→ **Assigned task**
Repeat only the lines between the one with "4Cars T5 LED" and the end of the material below, both ends included. Omit any picture.

→ **Information supplied**
╔══
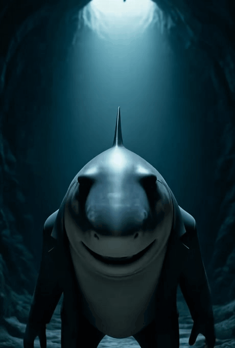 SHARKLER: (On screen, wearing a too-small suit jacket over his dorsal fin) “My fellow beings. I have spent many months journaling. Reflecting. Growing. And I have reached a conclusion.” ๐ฆ๐
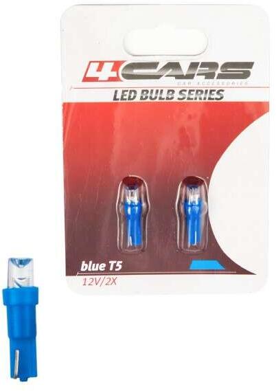4Cars T5 LED Izzó: 12V-os kék LED izzók autókba ? Két darab 12 voltos, 12 wattos T5 foglalatú kék LED izzó, széles szórással. Tökéletes választás autó belső világításához. Jellemzők:Típus: T5 W2x46d Feszültség: 12V Teljesítmény: 12W Szín: Kék szórt fény Mennyiség: 2 db Foglalat típusa: Műanyag T5 Fontos megjegyzés: Ezek a LED izzók kizárólag belső használatra alkalmasak. Külső használatuk nem legális, kivéve versenyeken, show-room-okban, off-road találkozókon és magánpályákon. Használat: Könnyen felszerelhető, a hagyományos izzók helyettesítésére alkalmas. Frissítse autójának világítását energiatakarékos és modern LED technológiával!
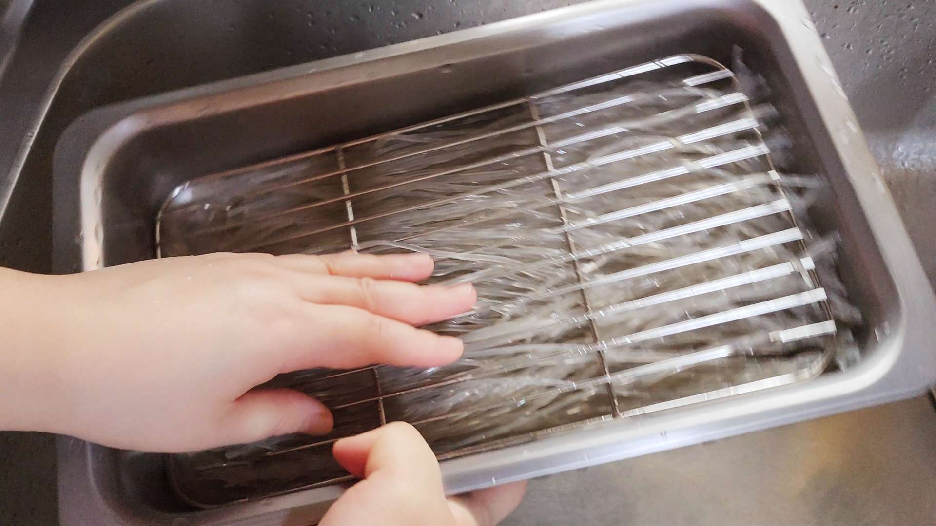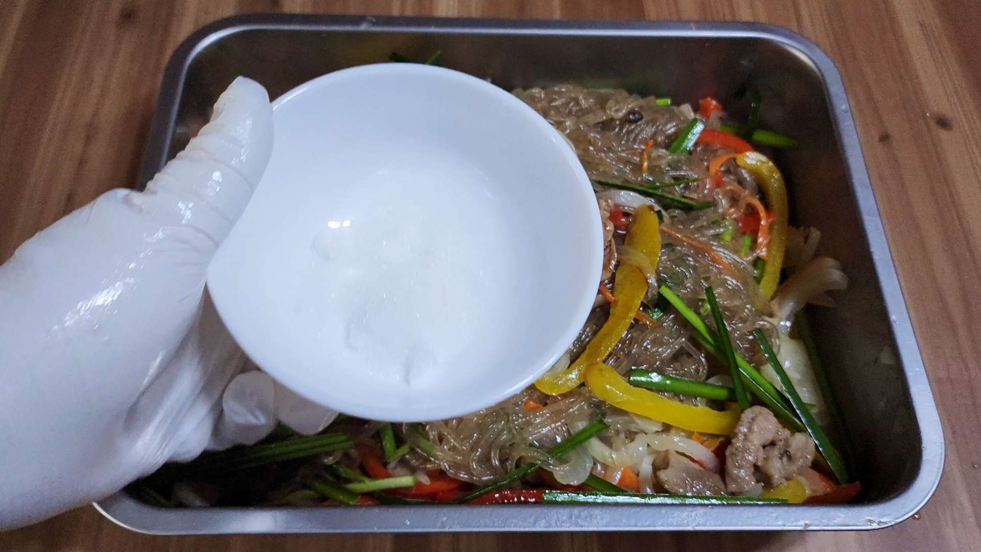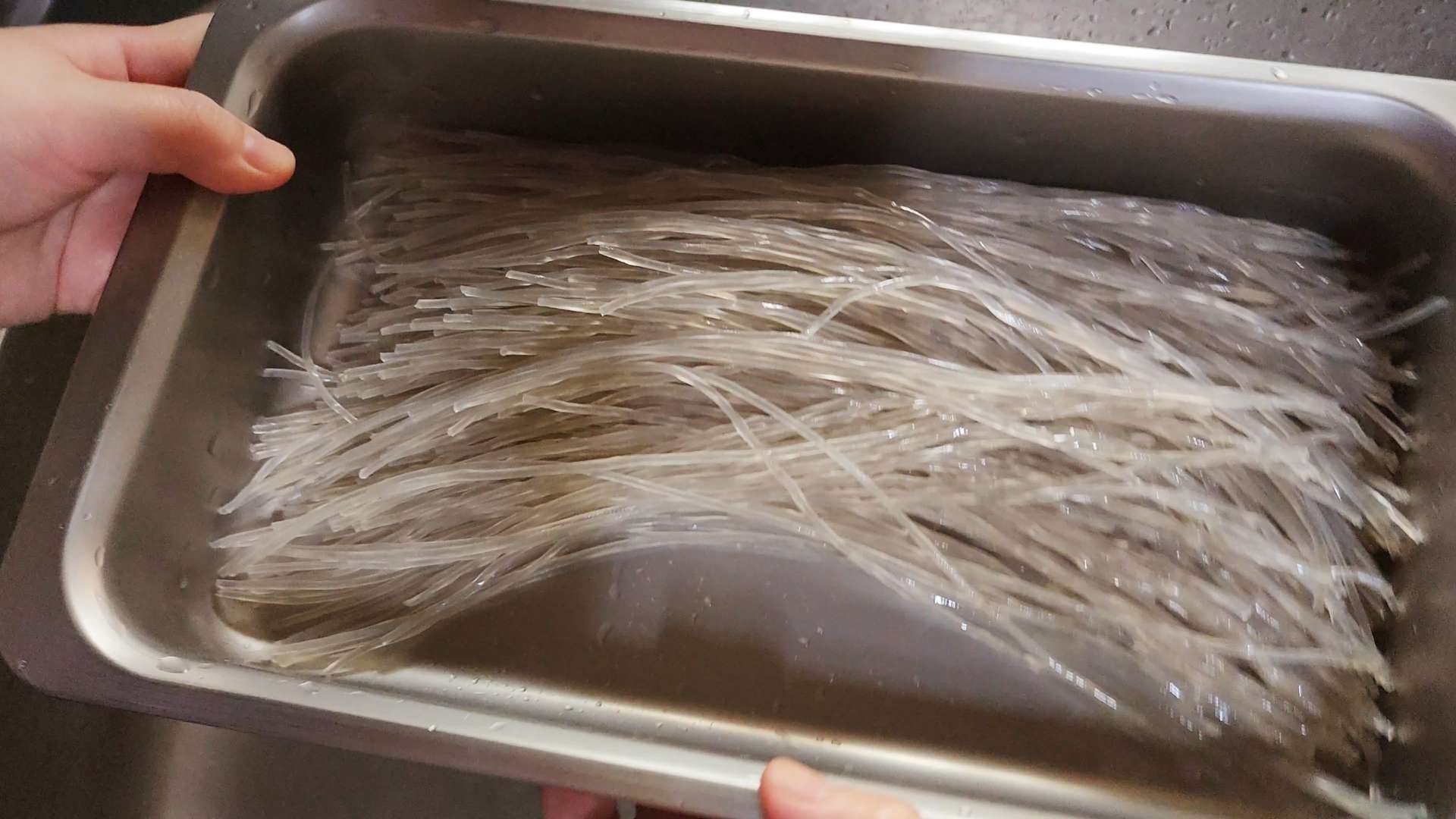 잘 불려진 당면은 와이드채망으로 눌러 물기를 제거해줍니다.
╚══
→ **Response to this exercise**
4Cars T5 LED Izzó: 12V-os kék LED izzók autókba ? Két darab 12 voltos, 12 wattos T5 foglalatú kék LED izzó, széles szórással. Tökéletes választás autó belső világításához. Jellemzők:Típus: T5 W2x46d Feszültség: 12V Teljesítmény: 12W Szín: Kék szórt fény Mennyiség: 2 db Foglalat típusa: Műanyag T5 Fontos megjegyzés: Ezek a LED izzók kizárólag belső használatra alkalmasak. Külső használatuk nem legális, kivéve versenyeken, show-room-okban, off-road találkozókon és magánpályákon. Használat: Könnyen felszerelhető, a hagyományos izzók helyettesítésére alkalmas. Frissítse autójának világítását energiatakarékos és modern LED technológiával!
 잘 불려진 당면은 와이드채망으로 눌러 물기를 제거해줍니다.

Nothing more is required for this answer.